Saturday 10 December 2016

American Herring Gull at Portimão

How many bird species have you seen?  How long is your life list?  Whatever your answer, these days it will need to be qualified – you will have to make clear which checklist it is that you are working from.  Taxonomy definitely isn’t an exact science, it’s very much a matter of opinion and when it comes to lists of the world’s birds, there are quite a few versions to choose from.

It doesn’t seem so very long ago that the number of bird species in the world was reckoned to be about 8,500.  Now, according to BirdLife International there might be as many as 11,000 but different authorities have differing totals and they are changing all the time.

As our knowledge of birds increases so we learn about the differences between them, how they look, how they sound and how they differ in their DNA.  How much do they need to differ before we regard them as separate species?  Well, that really is the big question and why it is that we are faced with a choice of checklists and why there are differing totals.  Simply, there is no agreement on the matter, no standard to be reached. 


A case in point this week has been a bird here in the Algarve that is treated as a separate species, Larus smithsonianus, by BirdLife International, the British Ornithologists Union and most others but is still regarded by the American Ornithologists’ Union only as a subspecies, Larus argentatus smithsonianus.  It is, variously known in English as American Herring Gull, Arctic Herring Gull or even Smithsonian Gull and in Portuguese as Gaivota-prateada-americana.


Although previously regarded (still by the AOU) as a subspecies of European Herring Gull, we are told that DNA studies show smithsonianus to be more closely related to California Gull, Iceland Gull and Glaucous Gull.  Who would have thought that?

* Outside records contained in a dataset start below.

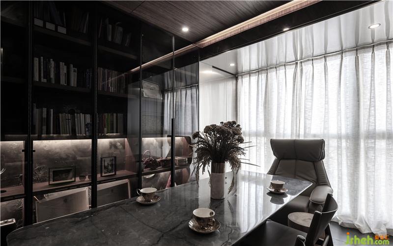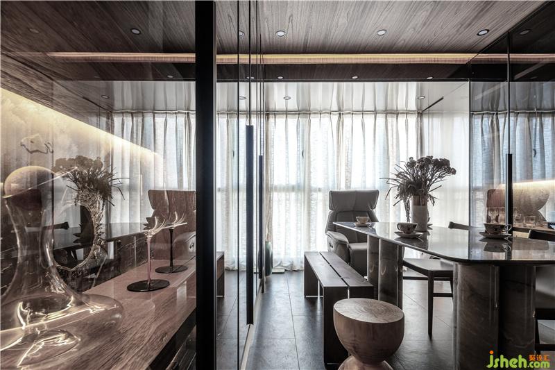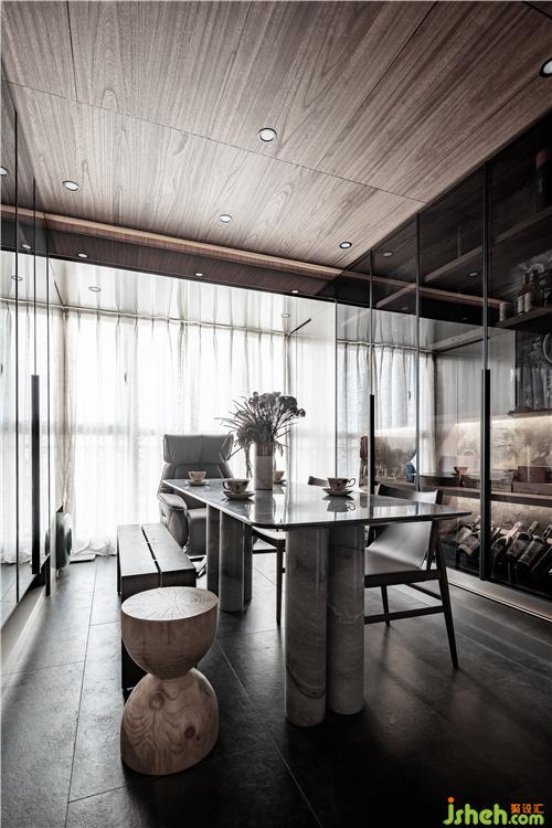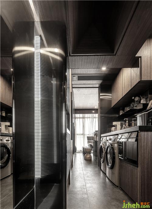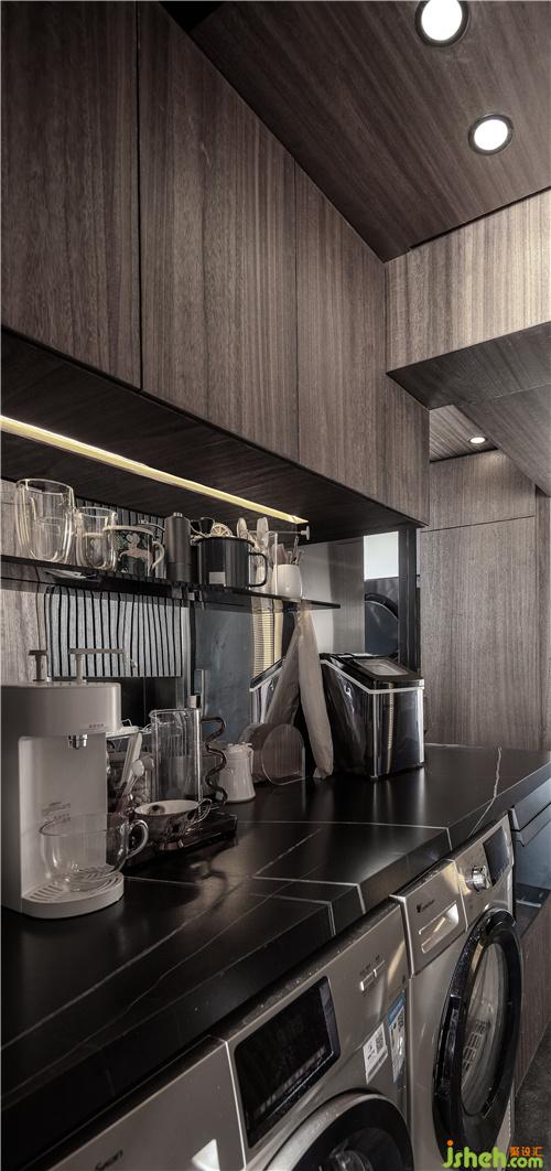 在這個(gè)空間里,室內(nèi)設(shè)計(jì)師柜門用了黑玻,既可以有視覺(jué)的延伸,方便拿取里面的物品,黑玻把物品的飽和度過(guò)濾掉,不會(huì)顯得雜亂,天花和墻面材質(zhì)是統(tǒng)一的木飾面,不分割空間,更加整體。
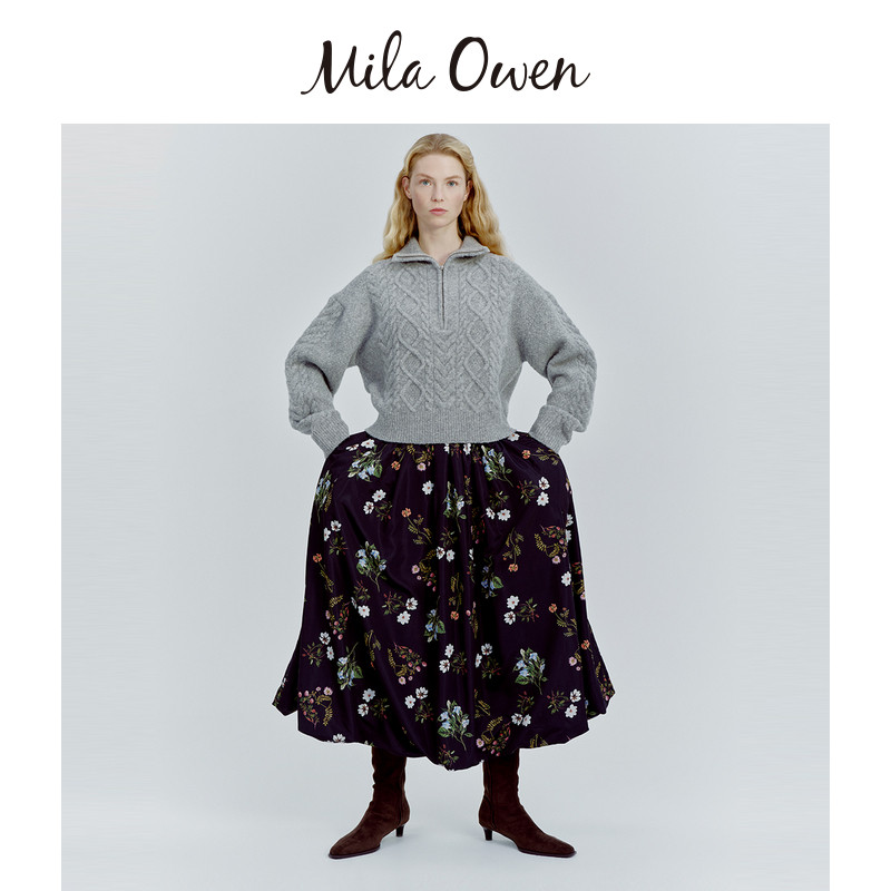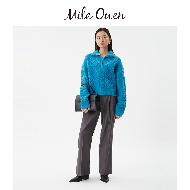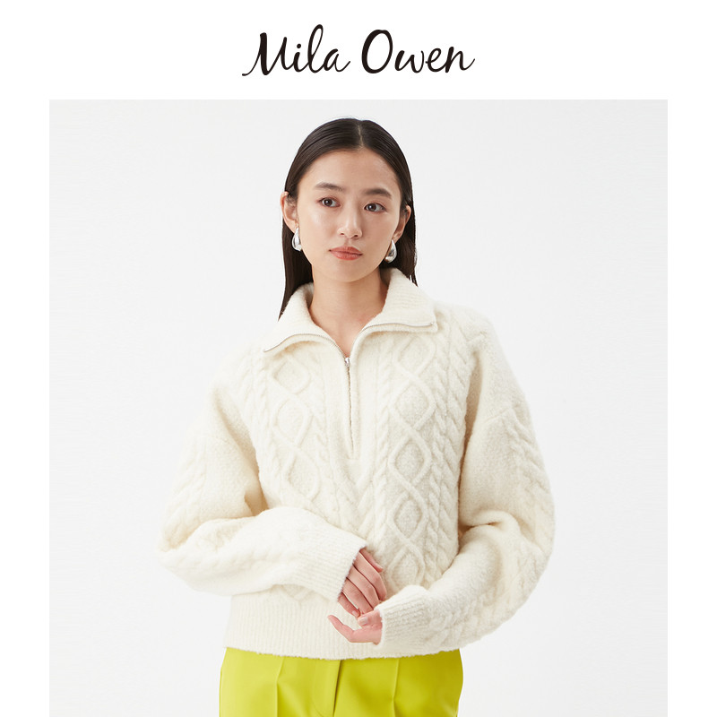 Mila 09WNT255065 Owen秋冬纯色百搭绞花半拉链套头针织衫由
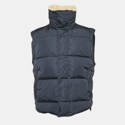 D&G Dolce & Gabbana Navy Blue Shearling Collar Nylon Puffer Vest L 1172129 (lpn30119994)
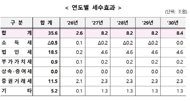 이번 세법개정에서 항목별 세수효과(순액법)를 보면 법인세율 환원이 가장 크고, 이어 △증권거래세율(0.20%·2조 3000억원) △금융보험업자에 대한 교육세 과세체계 개편(수익금액 1조원 초과 구간 교육세율 1.0%·1조 3000억원) △임시투자세액공제 운영 종료(3000억원) △주식 양도세 대주주 기준 강화(10억원↑·2000억원) 순이다.
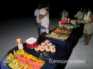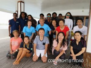 The day 3, last day for diving of this trip since we have a short trip! We started with searching for Whale Sharks in South Ari. The 1st dive was at Sun Island Out. It was fun to see a school of Yellowback Fusiliers in the middle and Whitetip Reef Sharks sleeping in the bottom. We found Scrawled Butterflyfish several times near the reef as well. Before the 2nd dive we finally found a Whale Shark and enjoyed snorkeling with him. We switched to dive at Maamigiri Out for the 2nd dive. And we made it with diving too! The 3rd dive was at Kudarah Thila. We concluded this trip with the encounter with a Spotted Eagle Ray! After dive a nice dinner on a white sand beach should have waited for us. Just we had a shower when we were about to start a BBQ dinner thought. 😉 Still, the dinner was yummy! Thank you all for choosing us and also for making this trip amazing. Hope to see you all again!
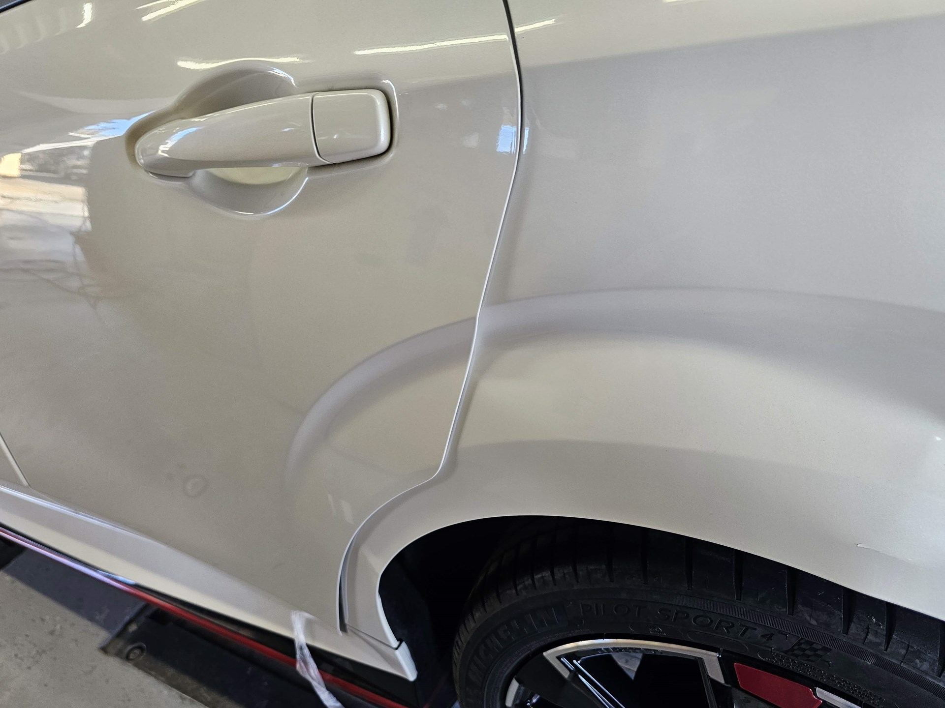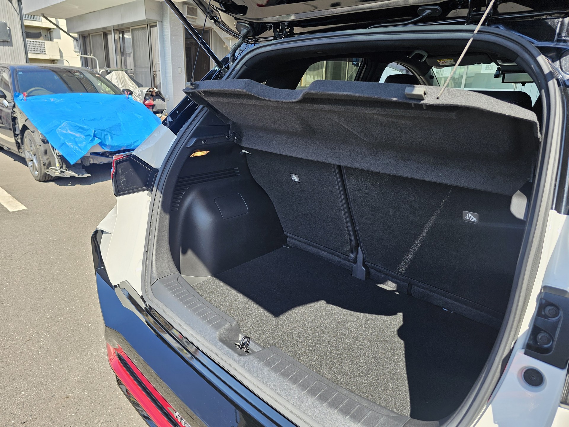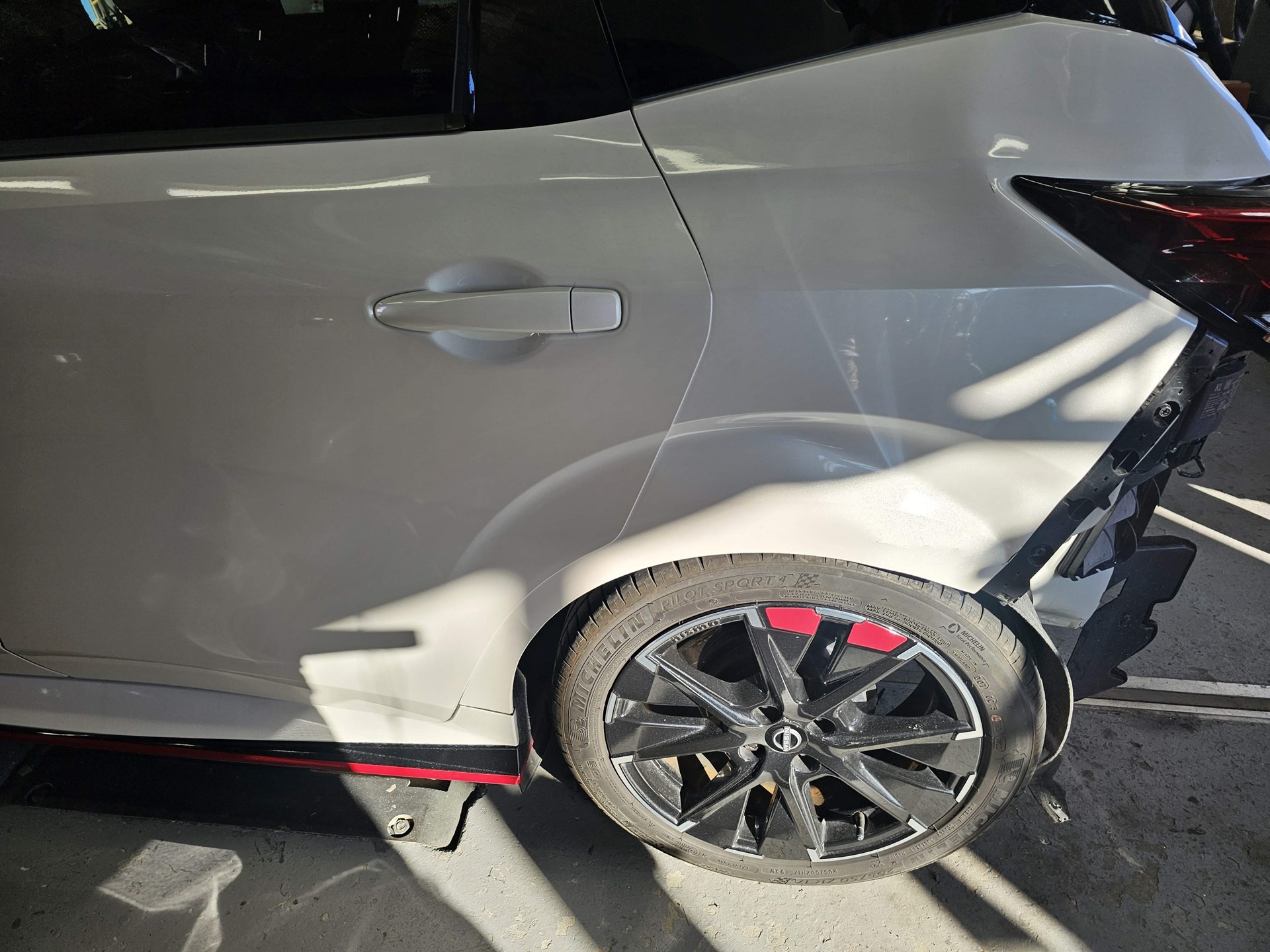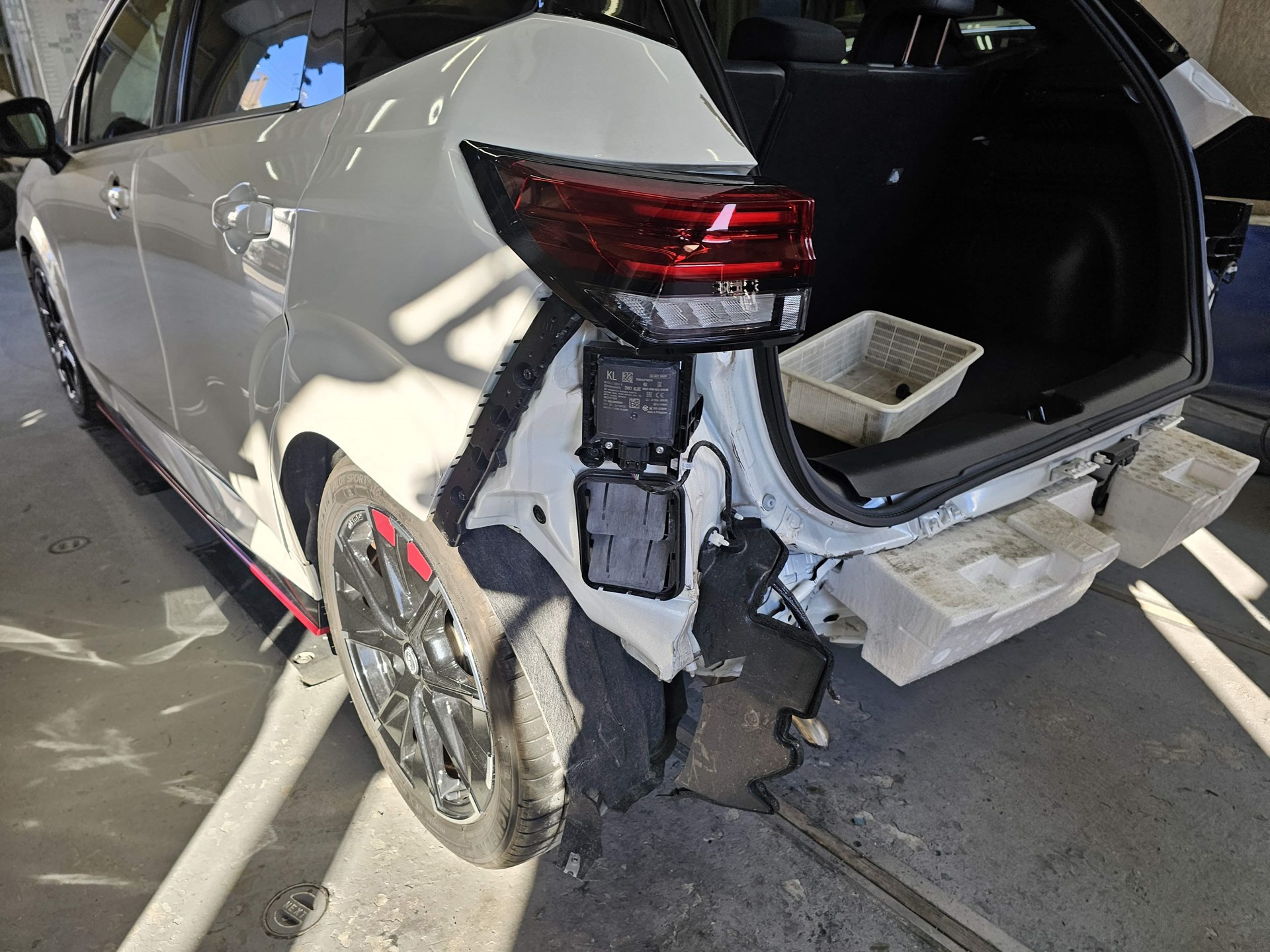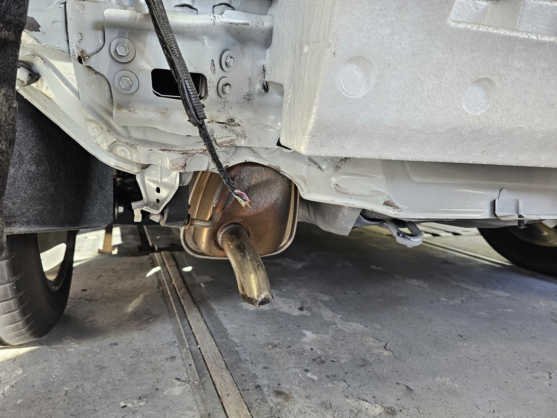 かなりの巻き込み具合です。 よく見ると、左フェンダーから、リアまで、ぶつかっています。
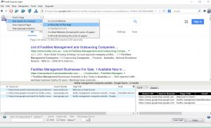 I initially used Outwit to search some Google Search pages like Facility Management Companies US and then set up a scraper to take the Company’s URL and text info from the URL’s listed in the Google search. As I’d set google search results to the maximum of 100 per page it would harvest 100 rows of data that could then be viewed,

It was found at the ‘docapesca’ (fishing dock) at Portimão last Sunday.  It seems to be only the second occurrence of this taxon in the Algarve and as such it attracted a small number of admirers during the following days.  It appears to be a bird that is in its fourth winter, close to being full adult.  Those who found and identified it did very well as the plumage features aren’t particularly striking when seen amongst the many and varied gulls that gather at this site.  The streaking on the head, neck and sides of the breast and the various dark markings in the wings are all pointers as are the pale eye colour, the pink legs and the bill pattern.

There doesn't seem to be any doubt that this bird is distinctive enough to be called smithsonianus.  However, whether smithsonianus is different enough to be regarded as a separate species is still open to debate.  It probably depends on whether, by nature, you are ‘a splitter’ or ‘a lumper’.